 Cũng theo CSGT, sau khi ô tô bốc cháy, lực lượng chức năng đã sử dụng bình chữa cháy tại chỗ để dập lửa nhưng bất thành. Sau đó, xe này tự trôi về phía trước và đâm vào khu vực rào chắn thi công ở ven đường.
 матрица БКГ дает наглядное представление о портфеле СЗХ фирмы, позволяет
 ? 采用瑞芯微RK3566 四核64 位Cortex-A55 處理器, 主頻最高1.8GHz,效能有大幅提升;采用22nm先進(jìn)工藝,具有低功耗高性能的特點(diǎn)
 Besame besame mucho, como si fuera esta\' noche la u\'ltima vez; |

++++++++++

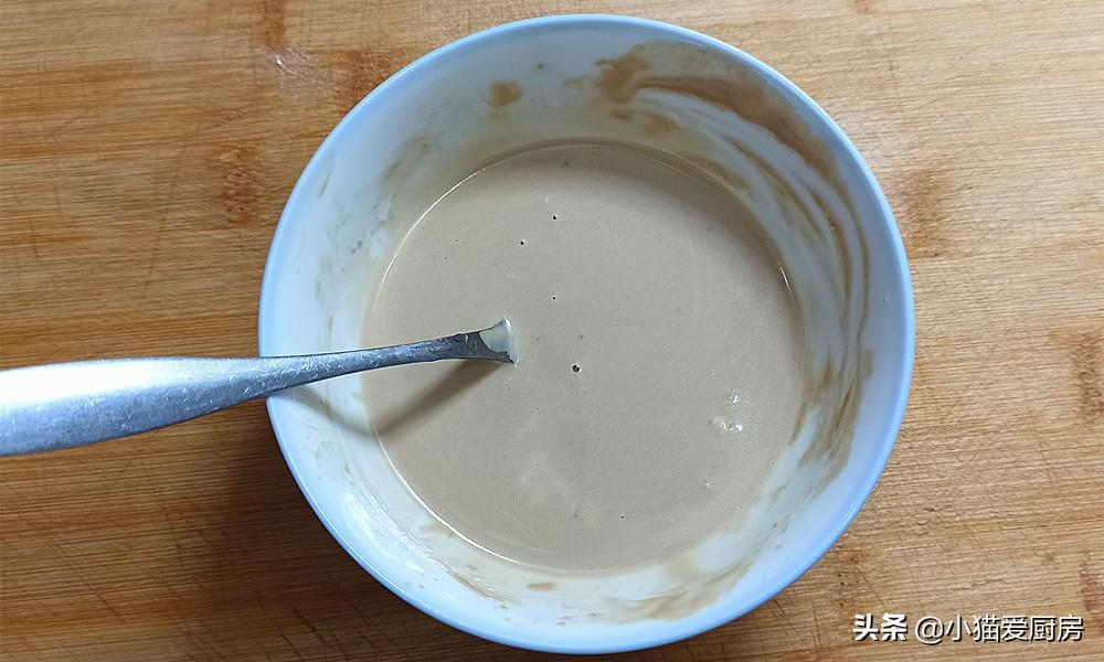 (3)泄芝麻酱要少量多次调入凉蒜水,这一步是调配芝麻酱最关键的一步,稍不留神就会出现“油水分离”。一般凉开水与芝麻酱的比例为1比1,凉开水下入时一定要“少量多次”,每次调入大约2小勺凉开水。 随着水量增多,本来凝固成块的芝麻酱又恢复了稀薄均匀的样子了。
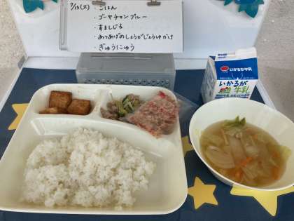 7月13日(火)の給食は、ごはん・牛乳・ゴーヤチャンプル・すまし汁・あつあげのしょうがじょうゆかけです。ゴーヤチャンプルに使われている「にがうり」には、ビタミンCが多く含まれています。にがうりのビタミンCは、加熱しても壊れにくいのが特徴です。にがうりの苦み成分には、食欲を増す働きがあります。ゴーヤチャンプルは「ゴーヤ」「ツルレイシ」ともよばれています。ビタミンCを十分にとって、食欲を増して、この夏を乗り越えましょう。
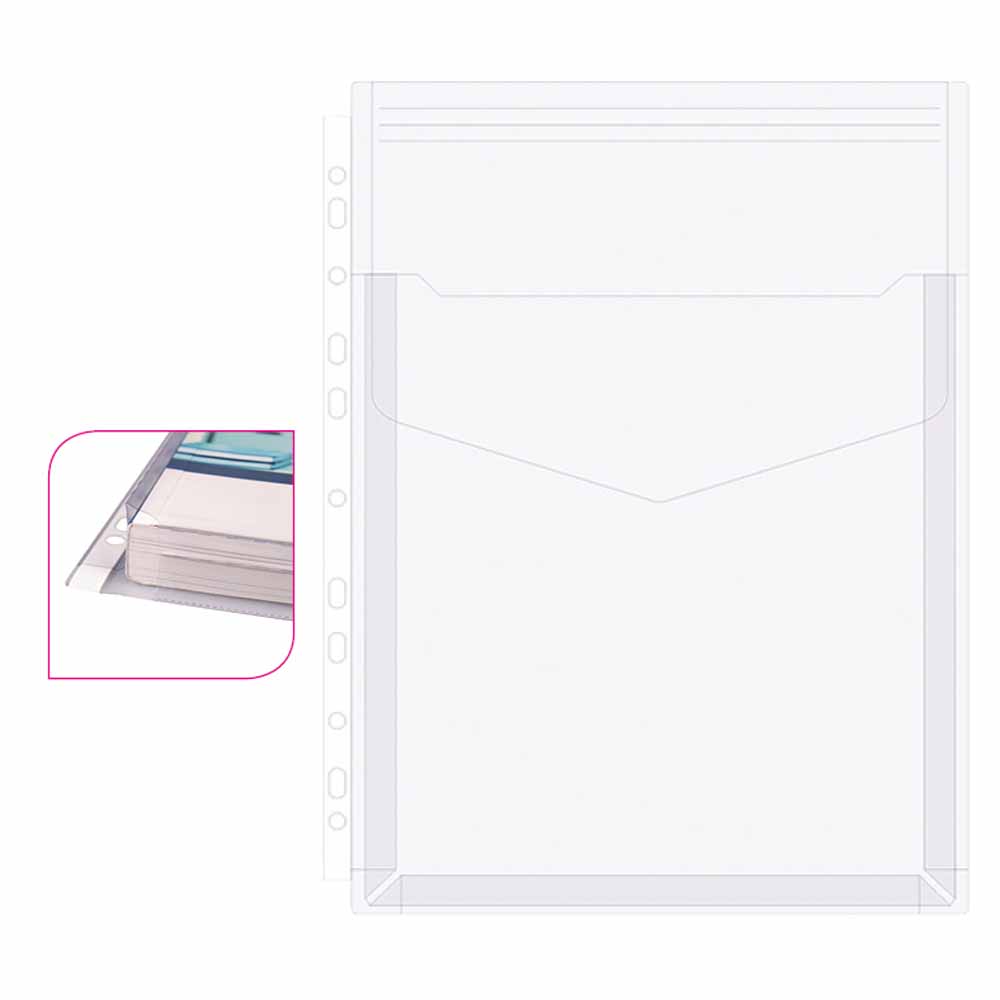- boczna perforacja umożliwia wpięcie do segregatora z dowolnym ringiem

++++++++++

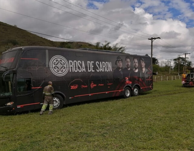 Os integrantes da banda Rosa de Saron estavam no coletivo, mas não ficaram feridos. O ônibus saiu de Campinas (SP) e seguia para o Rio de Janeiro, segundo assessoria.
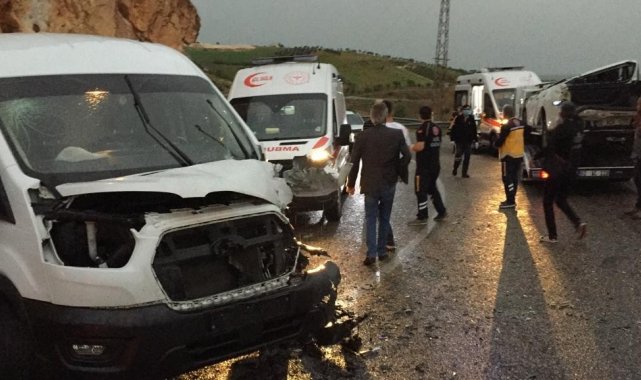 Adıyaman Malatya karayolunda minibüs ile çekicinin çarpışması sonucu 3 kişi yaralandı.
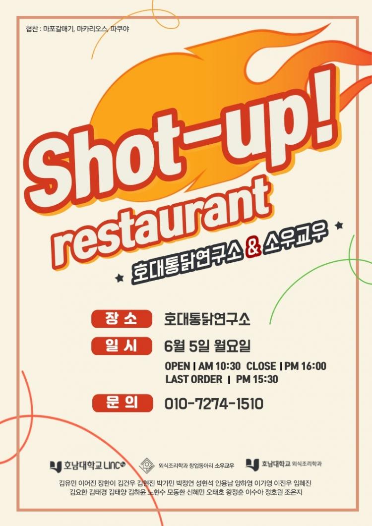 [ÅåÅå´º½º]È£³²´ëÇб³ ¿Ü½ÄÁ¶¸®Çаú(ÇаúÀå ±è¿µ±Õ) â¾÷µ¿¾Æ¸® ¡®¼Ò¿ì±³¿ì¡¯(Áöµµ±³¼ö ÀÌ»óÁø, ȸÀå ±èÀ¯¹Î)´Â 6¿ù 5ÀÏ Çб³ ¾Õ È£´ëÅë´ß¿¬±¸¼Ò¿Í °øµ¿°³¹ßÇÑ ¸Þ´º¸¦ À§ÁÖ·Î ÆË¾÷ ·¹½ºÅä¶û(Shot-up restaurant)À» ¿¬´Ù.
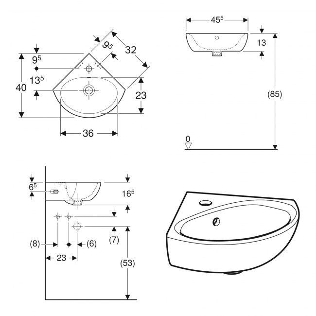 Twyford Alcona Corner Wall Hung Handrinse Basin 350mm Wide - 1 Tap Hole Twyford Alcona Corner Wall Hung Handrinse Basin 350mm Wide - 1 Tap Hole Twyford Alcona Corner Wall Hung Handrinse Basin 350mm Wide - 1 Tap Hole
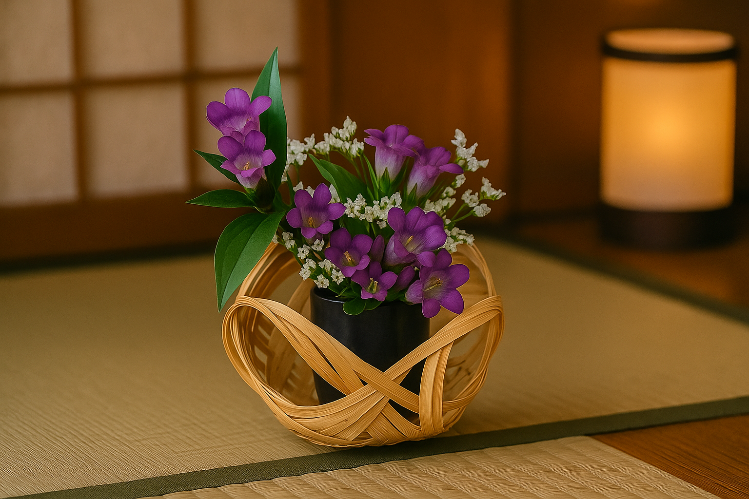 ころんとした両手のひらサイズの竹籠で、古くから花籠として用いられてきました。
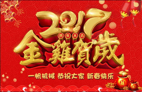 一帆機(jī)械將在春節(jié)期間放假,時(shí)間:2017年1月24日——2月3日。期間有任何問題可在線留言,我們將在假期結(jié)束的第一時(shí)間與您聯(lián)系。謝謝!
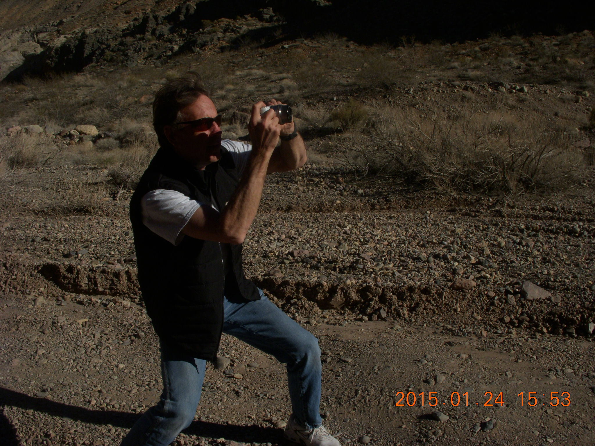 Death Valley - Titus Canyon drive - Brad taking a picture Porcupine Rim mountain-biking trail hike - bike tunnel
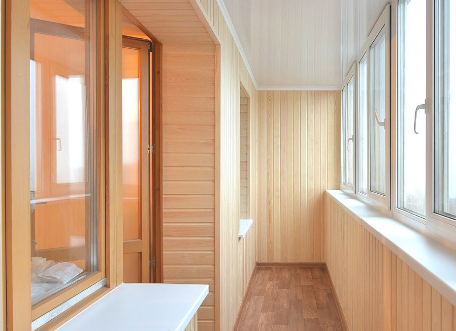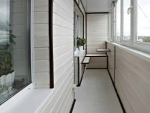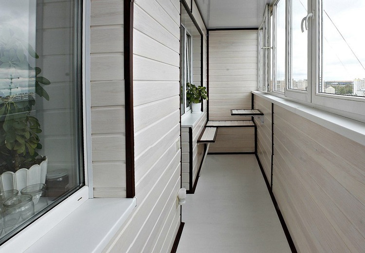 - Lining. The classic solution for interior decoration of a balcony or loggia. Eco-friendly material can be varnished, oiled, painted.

++++++++++

● EXERCISE GOAL
Reproduce word for word the material above, beginning with the line that contains "Cũng theo CSGT, sau" and ending with the line that contains "Besame besame mucho, como".

● EXPECTED OUTPUT
 Cũng theo CSGT, sau khi ô tô bốc cháy, lực lượng chức năng đã sử dụng bình chữa cháy tại chỗ để dập lửa nhưng bất thành. Sau đó, xe này tự trôi về phía trước và đâm vào khu vực rào chắn thi công ở ven đường.
 матрица БКГ дает наглядное представление о портфеле СЗХ фирмы, позволяет
 ? 采用瑞芯微RK3566 四核64 位Cortex-A55 處理器, 主頻最高1.8GHz,效能有大幅提升;采用22nm先進(jìn)工藝,具有低功耗高性能的特點(diǎn)
 Besame besame mucho, como si fuera esta\' noche la u\'ltima vez; |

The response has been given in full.